Get outside the walls of an exercise facility and mix up the routine. Even if the weather is chilly. People all around the country just participated in Turkey Trots last week, which are 5K fun runs in honor of Thanksgiving. There’s nothing like cool air to motivate your clients to keep moving! Thanks to gravity, the human body is an excellent form of resistance for itself. There are plenty of bodyweight training options when you venture away from the ol’ reliable equipment box of a gym.
Here are seven exercises you can do with a client on a walk, at a park or in their home. Proper form cues are included and no equipment is required. Have them perform each one for 30-60 seconds and repeat them in sequence 1-3 times for a circuit workout. You can also teach these bodyweight exercises and this routine to clients so they can use them over holiday breaks and stay in shape.

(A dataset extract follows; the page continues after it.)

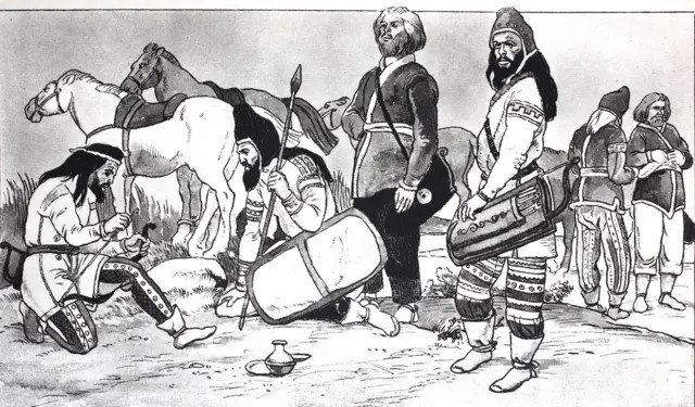 Mas muitos especialistas acreditam que povos nômades se envolveram no seu desenvolvimento, como os citas, de origem iraniana, que floresceram nas estepes euroasiáticas.
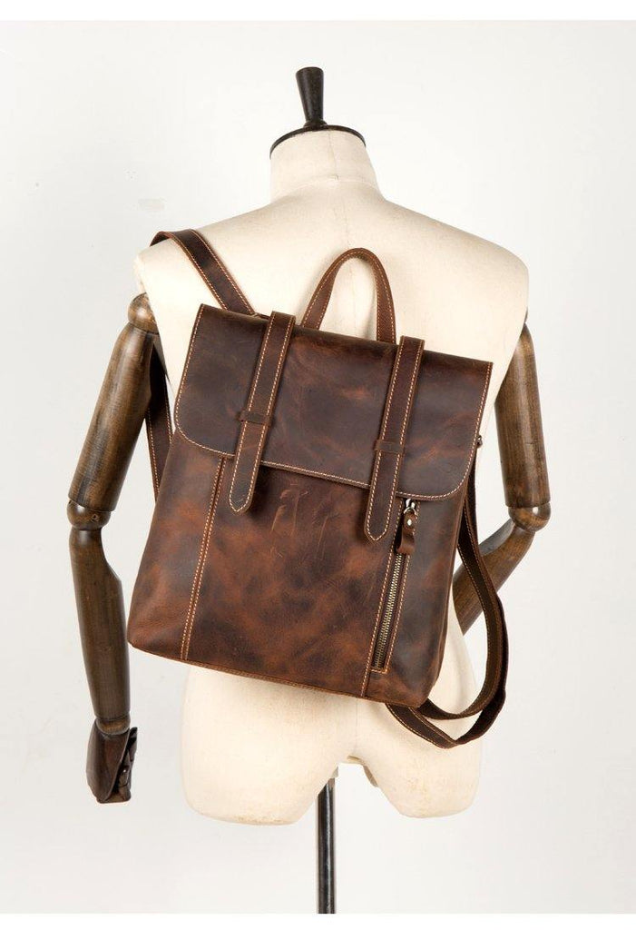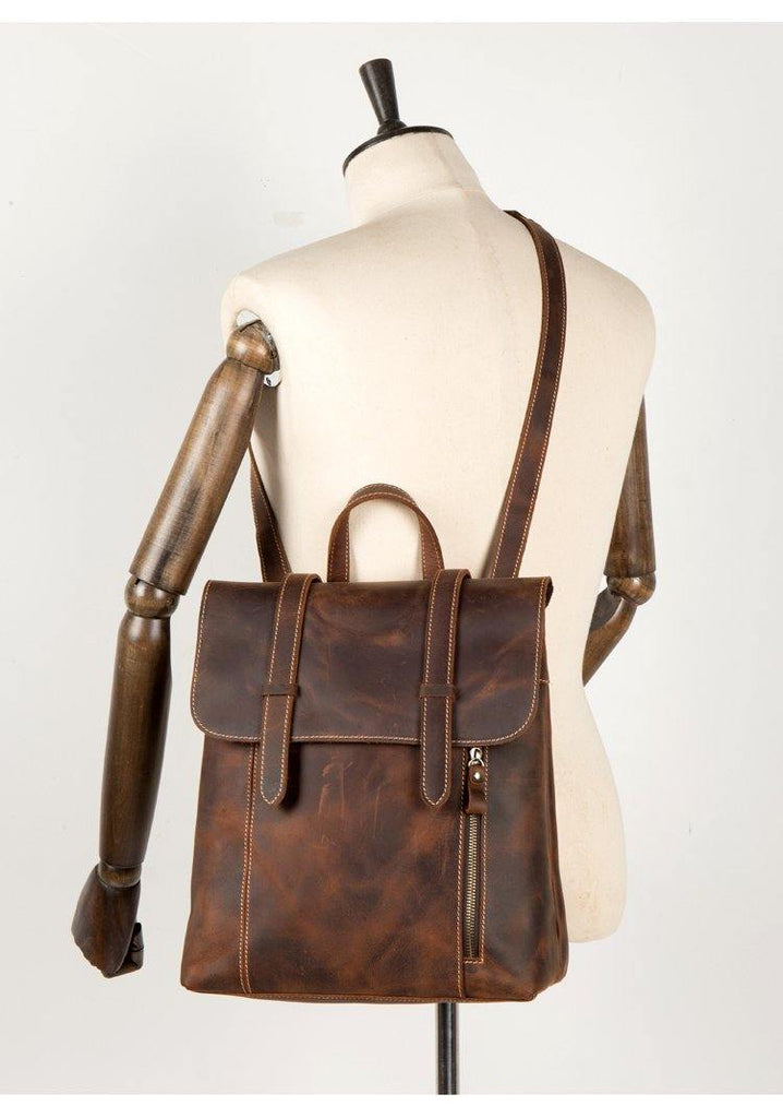 Style: Dark Brown Fashion Mens Leather 13-inch Computer Backpack Brown Travel Backpacks School Backpacks for men

Wall/Tree Sit – Support your back so that it is flat with natural spine curves. Place feet hip width apart. Slide down until your hips and knees are at 90 degrees. Relax your shoulders and breathe while holding the position. Keep your head up tall.
Bench Push Up – Place your hands shoulder width apart in line with the joint. Align your body from head to toe with natural spinal curves. Press your body toward the bench until your elbows are at 90 degrees. Then push away, inch by inch. Take your time so that a maximum number of muscles are recruited.
Step Ups – Place your foot on a bench or step. Contract the abs and step straight up, nice and tall. Lower back down slowly and carefully, the step down is just as important as the up.
Plank Hold – For an easier plank, you can hold yourself in the push-away phase of the push up. Planks can be done on your forearms with elbows bent or on hands with elbows straight. They can be done on your knees (easier) or toes (harder). Keep the body aligned from head to toe with natural spinal curves.
Side Plank Hold – Lay on your side on the floor or ground. Align your elbow under your shoulder. Knees bent is easier, legs out straight is harder. Lift your hips off the floor until your body is in a straight line. Keep your neck neutral, looking straight forward. Hold for as long as you can and then return to the floor to rest.
Wide Squat – Start with your feet together. Step one leg out to the side wide while reaching your hands toward the ground. Return that leg back to center and then switch sides. This can be done back and forth or by traveling one direction for 10-15 steps and then the other.
V-Sit – Sit on a park bench, the floor or ground. Place your hands behind you for support. Bend your knees and bring them as close to your chest as you can. Then, bring your feet as far away from your chest as you can. Go slowly, stay in control and be mindful of your lower back – make sure it’s not cramping. Alternate these two positions slowly to work the abdominal muscles.
Give your clients a heads up if you’re going outside so they can dress appropriately. They’ll enjoy the change of scenery.